• **DATASET ENTRIES**:

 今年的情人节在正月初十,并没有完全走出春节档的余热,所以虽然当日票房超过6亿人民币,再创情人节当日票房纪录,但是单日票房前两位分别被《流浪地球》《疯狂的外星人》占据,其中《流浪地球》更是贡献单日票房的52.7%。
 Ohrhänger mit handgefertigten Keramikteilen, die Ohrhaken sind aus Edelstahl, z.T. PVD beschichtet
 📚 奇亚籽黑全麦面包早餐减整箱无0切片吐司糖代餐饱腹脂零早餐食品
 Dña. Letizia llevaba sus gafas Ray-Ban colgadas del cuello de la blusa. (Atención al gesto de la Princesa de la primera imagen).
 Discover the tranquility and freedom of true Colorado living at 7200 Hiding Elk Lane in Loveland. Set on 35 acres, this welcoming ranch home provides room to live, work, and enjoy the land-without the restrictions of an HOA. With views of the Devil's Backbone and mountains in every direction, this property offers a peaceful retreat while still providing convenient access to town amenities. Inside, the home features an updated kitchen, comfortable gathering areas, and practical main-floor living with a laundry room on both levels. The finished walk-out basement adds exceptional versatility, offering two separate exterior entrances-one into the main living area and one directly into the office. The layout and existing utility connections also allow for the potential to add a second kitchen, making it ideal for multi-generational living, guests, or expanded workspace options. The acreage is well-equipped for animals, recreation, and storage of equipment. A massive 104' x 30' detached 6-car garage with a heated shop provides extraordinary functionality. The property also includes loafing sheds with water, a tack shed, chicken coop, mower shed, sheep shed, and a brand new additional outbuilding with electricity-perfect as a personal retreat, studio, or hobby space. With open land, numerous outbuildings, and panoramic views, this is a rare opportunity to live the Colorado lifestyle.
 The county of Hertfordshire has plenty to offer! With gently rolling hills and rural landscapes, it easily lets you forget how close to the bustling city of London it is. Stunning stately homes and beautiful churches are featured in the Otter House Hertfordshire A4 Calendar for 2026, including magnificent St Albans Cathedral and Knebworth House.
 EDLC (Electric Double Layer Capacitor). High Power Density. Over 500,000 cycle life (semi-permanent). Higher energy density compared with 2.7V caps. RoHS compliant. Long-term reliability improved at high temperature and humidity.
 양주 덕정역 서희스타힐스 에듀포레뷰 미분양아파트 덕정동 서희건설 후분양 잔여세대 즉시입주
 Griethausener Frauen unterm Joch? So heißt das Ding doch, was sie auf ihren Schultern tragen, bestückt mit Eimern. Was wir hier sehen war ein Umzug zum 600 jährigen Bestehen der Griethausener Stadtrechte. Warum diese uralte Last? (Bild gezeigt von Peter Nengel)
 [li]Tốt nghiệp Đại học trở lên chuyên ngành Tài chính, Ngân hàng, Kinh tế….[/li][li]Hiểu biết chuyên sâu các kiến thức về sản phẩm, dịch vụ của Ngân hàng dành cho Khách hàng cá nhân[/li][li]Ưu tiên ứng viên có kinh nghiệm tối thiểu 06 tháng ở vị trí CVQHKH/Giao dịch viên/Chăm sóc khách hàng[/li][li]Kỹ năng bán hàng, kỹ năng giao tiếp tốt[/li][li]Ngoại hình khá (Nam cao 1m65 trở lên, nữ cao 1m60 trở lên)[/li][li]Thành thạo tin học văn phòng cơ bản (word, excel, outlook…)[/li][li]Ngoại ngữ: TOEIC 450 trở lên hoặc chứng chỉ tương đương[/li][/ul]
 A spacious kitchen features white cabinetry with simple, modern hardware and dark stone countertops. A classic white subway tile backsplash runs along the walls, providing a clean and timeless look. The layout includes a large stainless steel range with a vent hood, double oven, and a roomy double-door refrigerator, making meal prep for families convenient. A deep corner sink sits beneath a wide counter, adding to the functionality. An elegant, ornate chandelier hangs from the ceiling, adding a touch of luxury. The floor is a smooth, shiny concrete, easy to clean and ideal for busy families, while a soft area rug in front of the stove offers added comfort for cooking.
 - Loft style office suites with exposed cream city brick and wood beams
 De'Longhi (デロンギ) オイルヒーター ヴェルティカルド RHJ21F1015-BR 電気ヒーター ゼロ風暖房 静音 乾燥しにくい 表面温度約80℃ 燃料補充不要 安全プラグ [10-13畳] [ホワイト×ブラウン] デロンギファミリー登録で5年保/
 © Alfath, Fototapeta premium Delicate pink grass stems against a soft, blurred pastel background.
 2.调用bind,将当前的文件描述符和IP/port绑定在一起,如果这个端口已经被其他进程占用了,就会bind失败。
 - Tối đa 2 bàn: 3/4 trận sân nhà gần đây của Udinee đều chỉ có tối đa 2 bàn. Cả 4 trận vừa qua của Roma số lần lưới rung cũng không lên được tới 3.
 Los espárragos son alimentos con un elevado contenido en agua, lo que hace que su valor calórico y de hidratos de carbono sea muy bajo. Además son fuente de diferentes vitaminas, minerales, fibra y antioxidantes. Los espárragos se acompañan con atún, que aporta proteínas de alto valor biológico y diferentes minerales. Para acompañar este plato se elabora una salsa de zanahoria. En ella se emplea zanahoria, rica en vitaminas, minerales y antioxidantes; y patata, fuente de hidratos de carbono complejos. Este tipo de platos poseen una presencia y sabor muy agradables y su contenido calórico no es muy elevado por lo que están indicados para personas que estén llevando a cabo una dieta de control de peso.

• **DIRECTIONS**:
In the reply, include exactly the lines from the beginning of the entries above through the line holding "Dña. Letizia llevaba", and nothing besides.

• **REPLY TO THE EXERCISE**:
 今年的情人节在正月初十,并没有完全走出春节档的余热,所以虽然当日票房超过6亿人民币,再创情人节当日票房纪录,但是单日票房前两位分别被《流浪地球》《疯狂的外星人》占据,其中《流浪地球》更是贡献单日票房的52.7%。
 Ohrhänger mit handgefertigten Keramikteilen, die Ohrhaken sind aus Edelstahl, z.T. PVD beschichtet
 📚 奇亚籽黑全麦面包早餐减整箱无0切片吐司糖代餐饱腹脂零早餐食品
 Dña. Letizia llevaba sus gafas Ray-Ban colgadas del cuello de la blusa. (Atención al gesto de la Princesa de la primera imagen).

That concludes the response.